PROBLEM: Begin at the line below that has "يتم ارتداء المنتج". Stop after the line that has "ANONIMO Cappotto in", repeating each line exactly and leaving out the pictures.

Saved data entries
-----

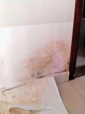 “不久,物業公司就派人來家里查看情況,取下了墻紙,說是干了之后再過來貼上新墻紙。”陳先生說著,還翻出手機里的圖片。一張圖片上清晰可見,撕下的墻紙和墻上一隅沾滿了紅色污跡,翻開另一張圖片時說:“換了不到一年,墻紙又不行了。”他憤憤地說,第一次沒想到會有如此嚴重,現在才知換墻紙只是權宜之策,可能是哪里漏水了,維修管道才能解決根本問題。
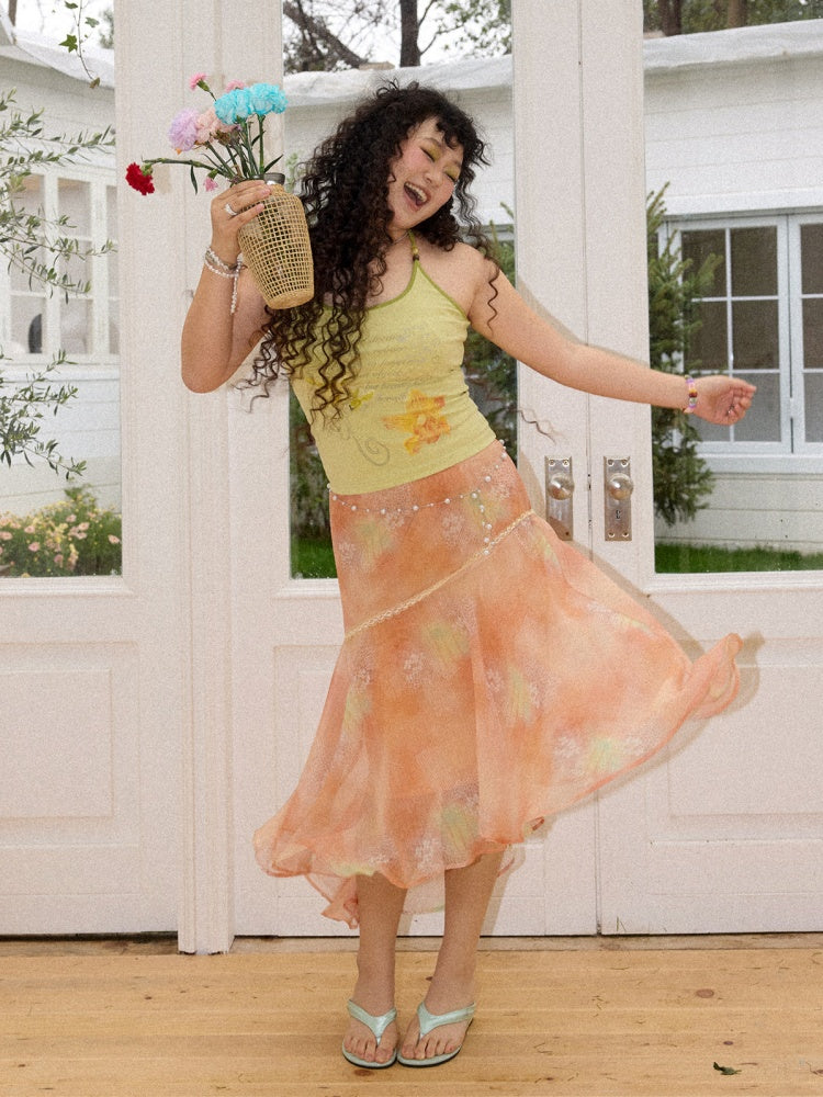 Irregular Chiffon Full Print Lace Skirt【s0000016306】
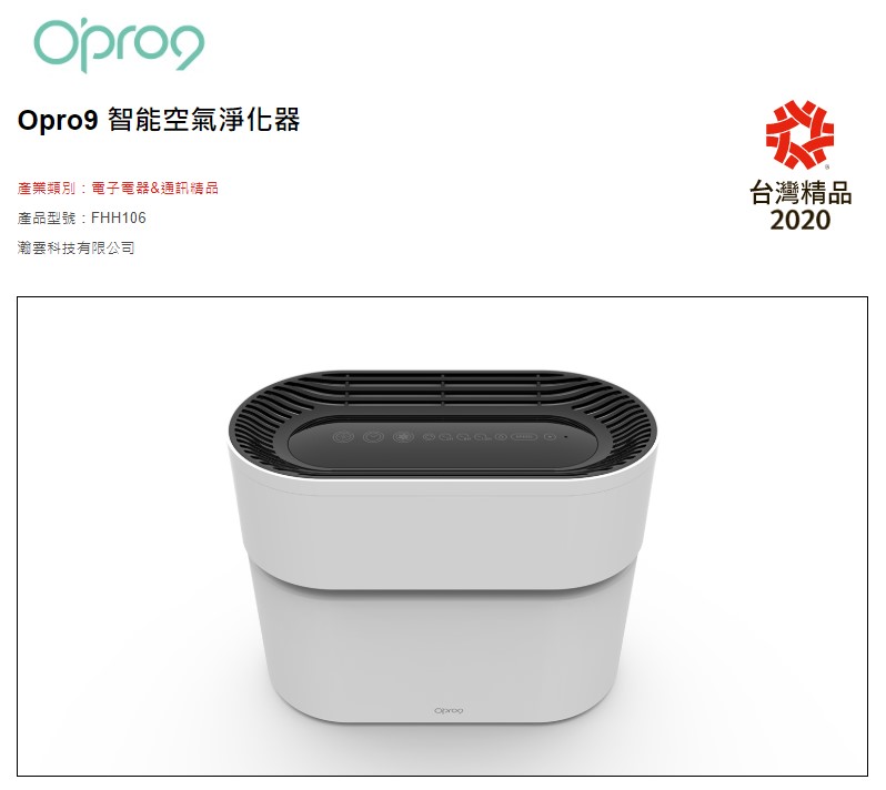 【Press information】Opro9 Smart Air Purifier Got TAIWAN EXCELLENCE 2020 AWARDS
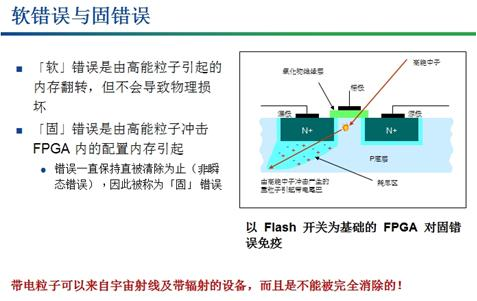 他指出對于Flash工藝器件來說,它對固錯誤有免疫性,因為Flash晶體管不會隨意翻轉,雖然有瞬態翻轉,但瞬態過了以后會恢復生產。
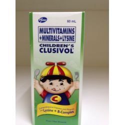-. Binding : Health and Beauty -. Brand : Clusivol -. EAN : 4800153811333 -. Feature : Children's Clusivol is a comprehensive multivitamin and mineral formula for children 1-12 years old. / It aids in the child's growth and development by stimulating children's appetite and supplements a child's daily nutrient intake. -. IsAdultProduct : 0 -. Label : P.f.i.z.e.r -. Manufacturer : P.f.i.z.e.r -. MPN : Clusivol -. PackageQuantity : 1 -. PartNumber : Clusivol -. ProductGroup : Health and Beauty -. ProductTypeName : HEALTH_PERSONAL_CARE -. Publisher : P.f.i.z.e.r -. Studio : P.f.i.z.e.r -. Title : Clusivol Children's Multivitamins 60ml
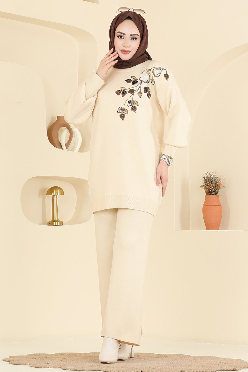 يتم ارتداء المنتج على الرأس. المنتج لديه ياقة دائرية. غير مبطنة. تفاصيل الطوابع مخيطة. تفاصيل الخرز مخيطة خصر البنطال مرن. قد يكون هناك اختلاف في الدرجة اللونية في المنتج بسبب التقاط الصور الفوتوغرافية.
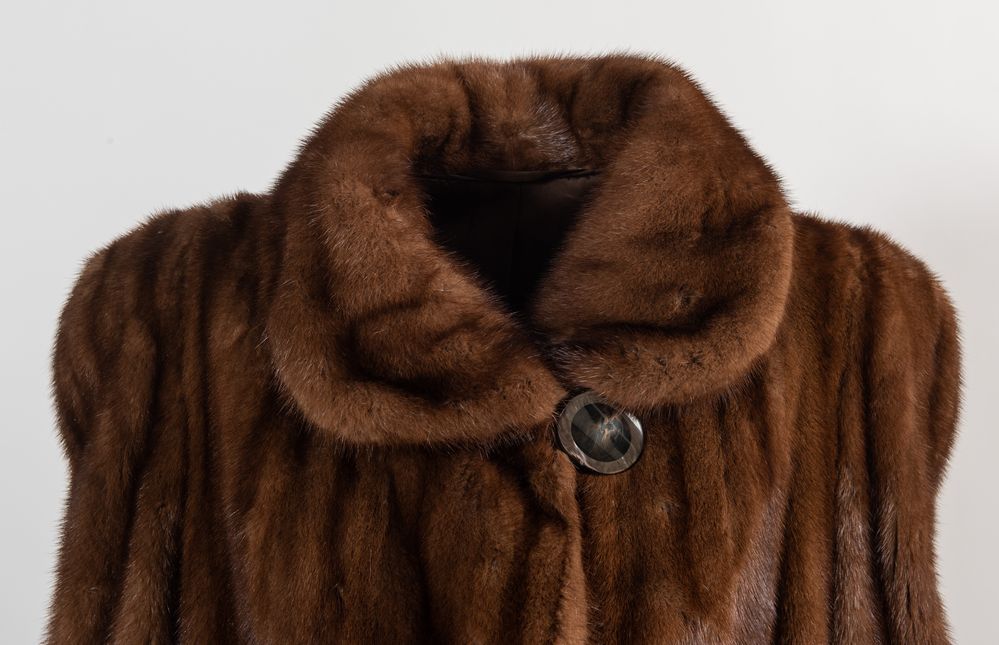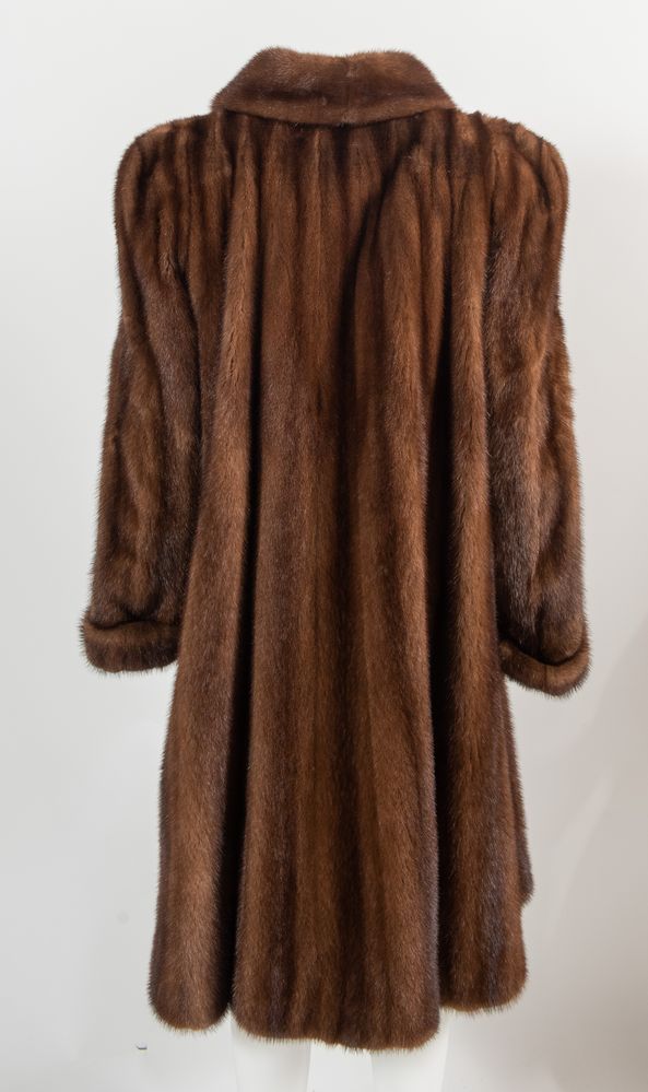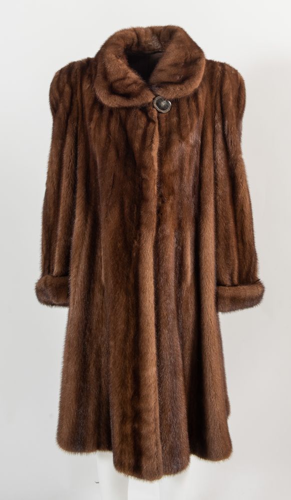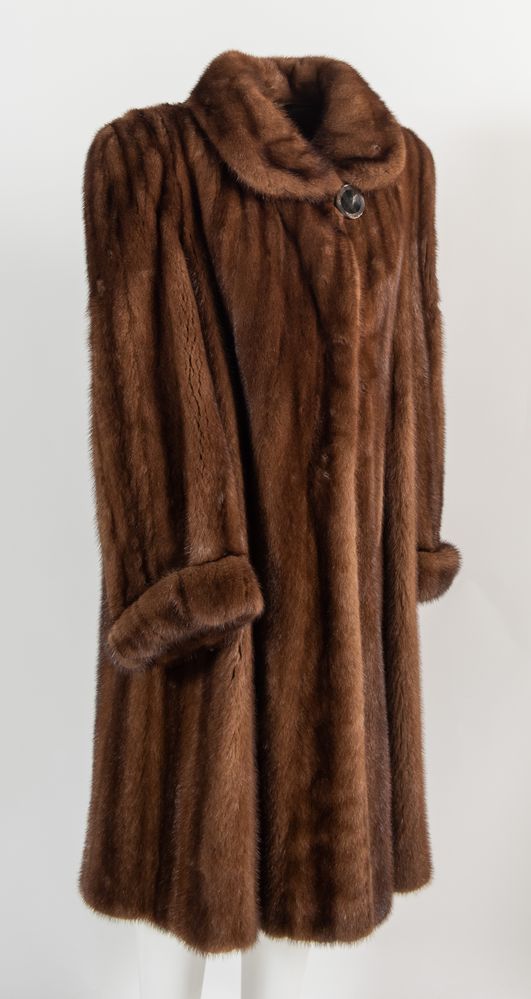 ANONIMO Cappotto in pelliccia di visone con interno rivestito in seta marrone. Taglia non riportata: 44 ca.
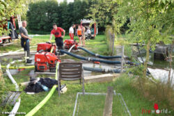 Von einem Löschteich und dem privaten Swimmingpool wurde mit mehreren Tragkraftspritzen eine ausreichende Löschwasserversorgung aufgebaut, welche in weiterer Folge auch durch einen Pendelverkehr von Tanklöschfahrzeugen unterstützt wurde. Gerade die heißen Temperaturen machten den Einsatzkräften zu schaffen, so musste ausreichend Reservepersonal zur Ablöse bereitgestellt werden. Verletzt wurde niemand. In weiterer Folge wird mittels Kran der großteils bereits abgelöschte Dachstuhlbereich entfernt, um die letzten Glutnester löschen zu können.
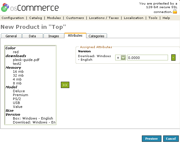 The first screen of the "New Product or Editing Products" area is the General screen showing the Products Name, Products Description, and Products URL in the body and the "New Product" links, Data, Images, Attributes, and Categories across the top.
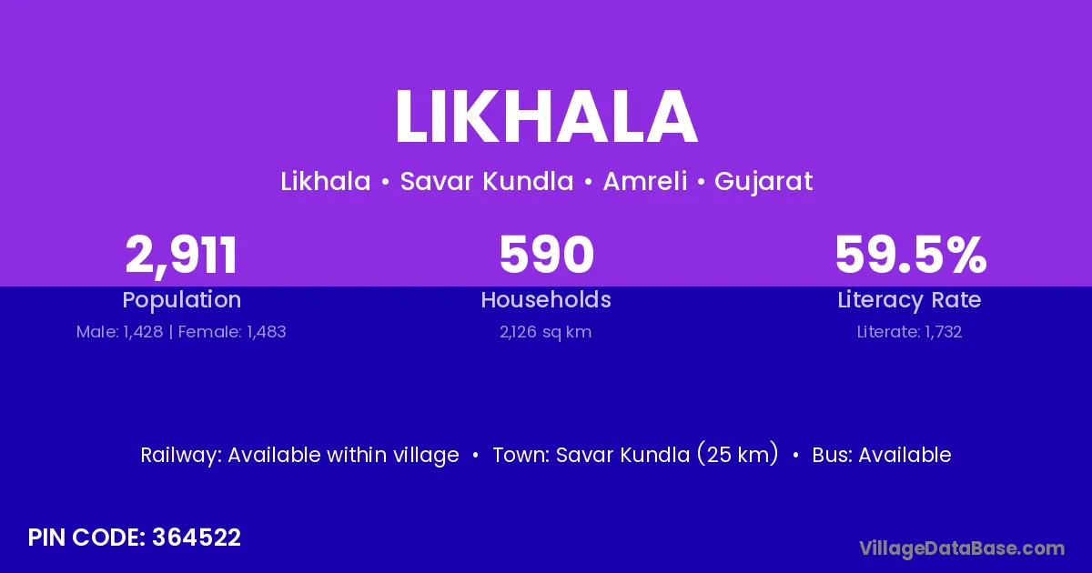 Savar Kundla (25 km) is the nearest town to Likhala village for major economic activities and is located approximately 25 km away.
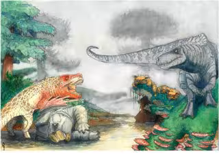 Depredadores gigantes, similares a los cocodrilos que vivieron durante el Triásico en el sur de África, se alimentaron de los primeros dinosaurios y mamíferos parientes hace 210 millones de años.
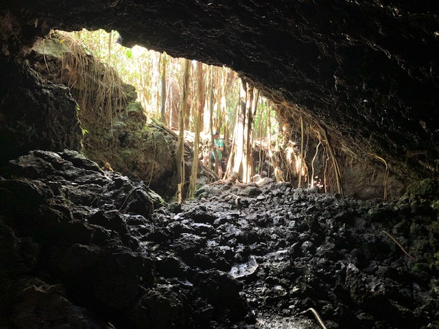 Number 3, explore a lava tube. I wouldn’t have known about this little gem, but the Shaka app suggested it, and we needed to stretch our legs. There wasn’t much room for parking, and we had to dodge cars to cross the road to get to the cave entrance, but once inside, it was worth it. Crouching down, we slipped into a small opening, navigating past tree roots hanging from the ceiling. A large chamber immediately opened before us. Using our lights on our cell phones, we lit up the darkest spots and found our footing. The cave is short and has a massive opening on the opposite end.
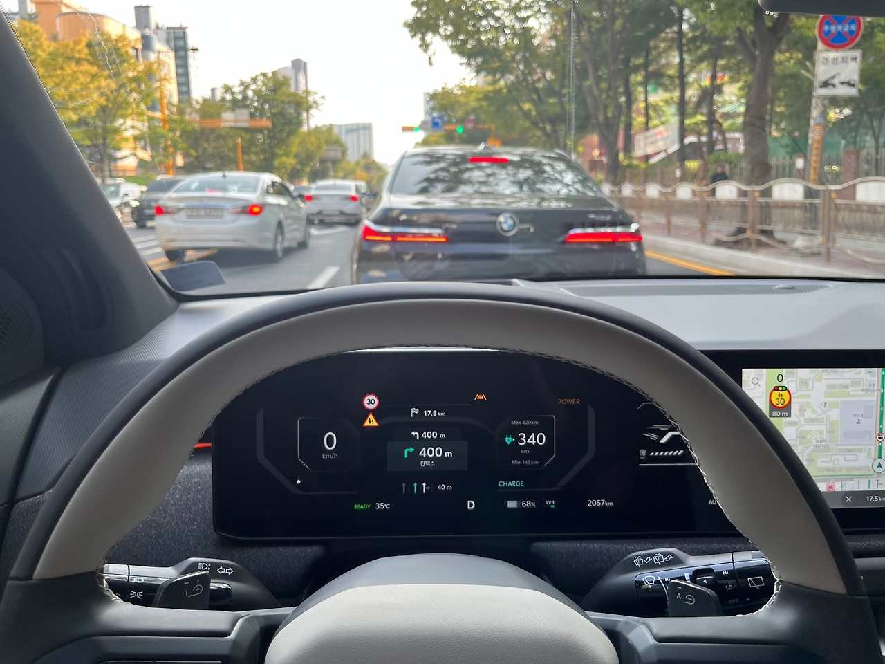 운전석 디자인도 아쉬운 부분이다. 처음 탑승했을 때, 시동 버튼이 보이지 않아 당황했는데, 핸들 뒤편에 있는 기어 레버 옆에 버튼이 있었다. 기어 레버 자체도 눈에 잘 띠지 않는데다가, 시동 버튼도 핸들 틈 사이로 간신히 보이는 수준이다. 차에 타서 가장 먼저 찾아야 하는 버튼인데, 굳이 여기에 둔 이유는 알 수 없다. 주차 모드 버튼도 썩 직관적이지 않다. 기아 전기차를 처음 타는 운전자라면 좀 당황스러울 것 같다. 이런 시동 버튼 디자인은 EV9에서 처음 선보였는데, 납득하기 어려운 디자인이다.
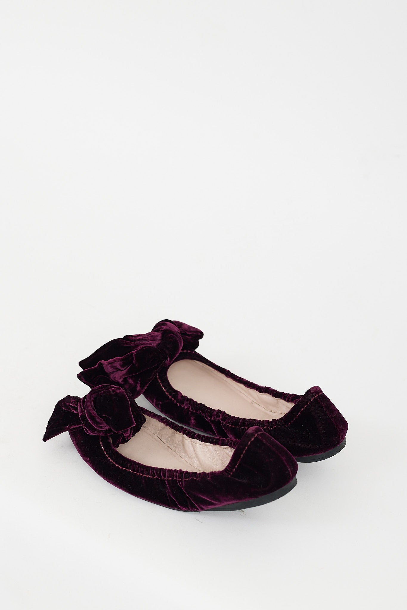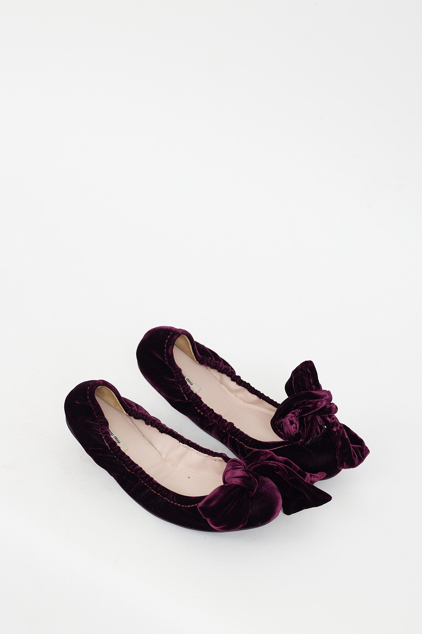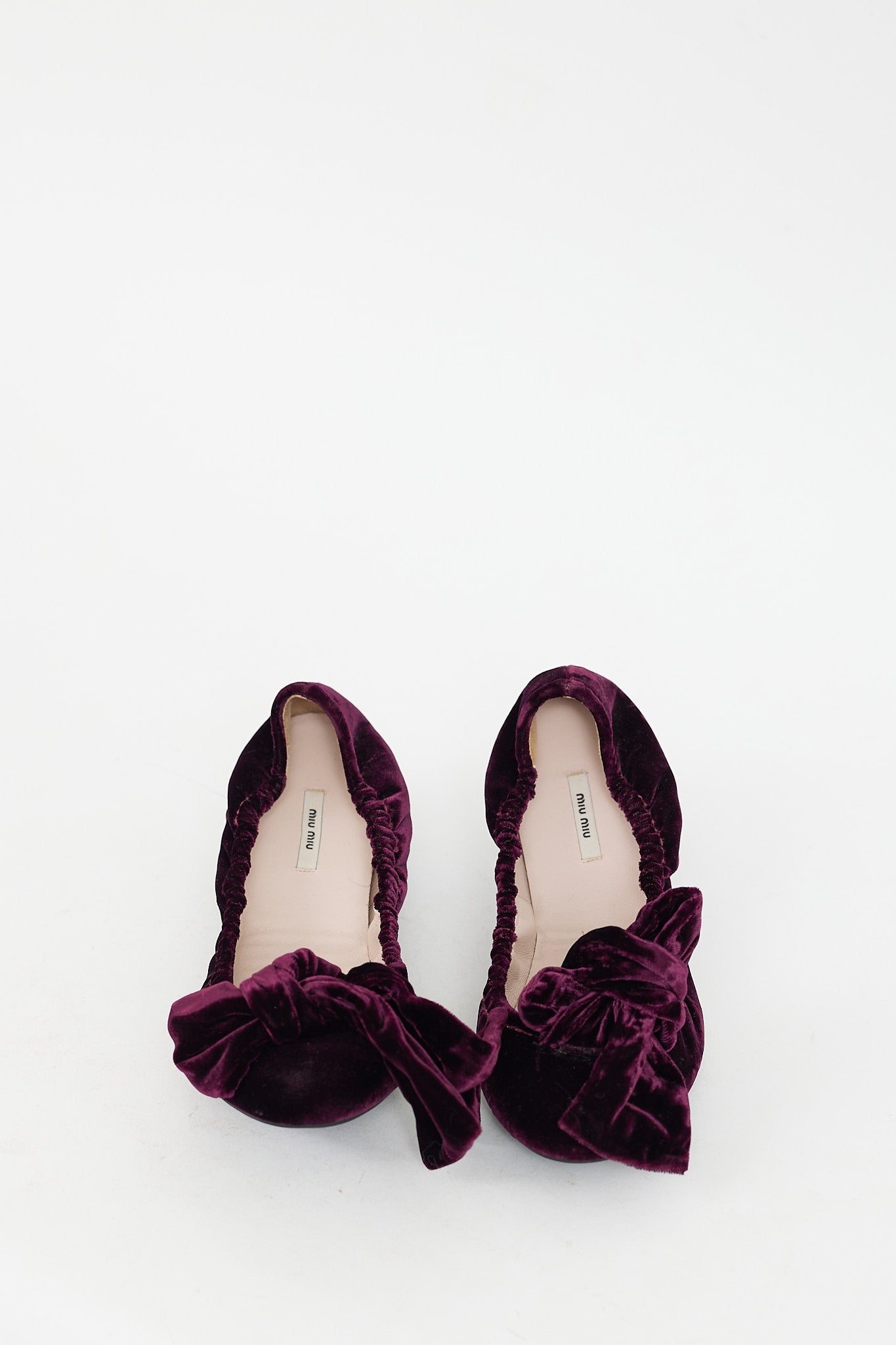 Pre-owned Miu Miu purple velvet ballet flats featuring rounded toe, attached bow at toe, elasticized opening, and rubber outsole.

-----

WRITTEN ANSWER:
 يتم ارتداء المنتج على الرأس. المنتج لديه ياقة دائرية. غير مبطنة. تفاصيل الطوابع مخيطة. تفاصيل الخرز مخيطة خصر البنطال مرن. قد يكون هناك اختلاف في الدرجة اللونية في المنتج بسبب التقاط الصور الفوتوغرافية.
 ANONIMO Cappotto in pelliccia di visone con interno rivestito in seta marrone. Taglia non riportata: 44 ca.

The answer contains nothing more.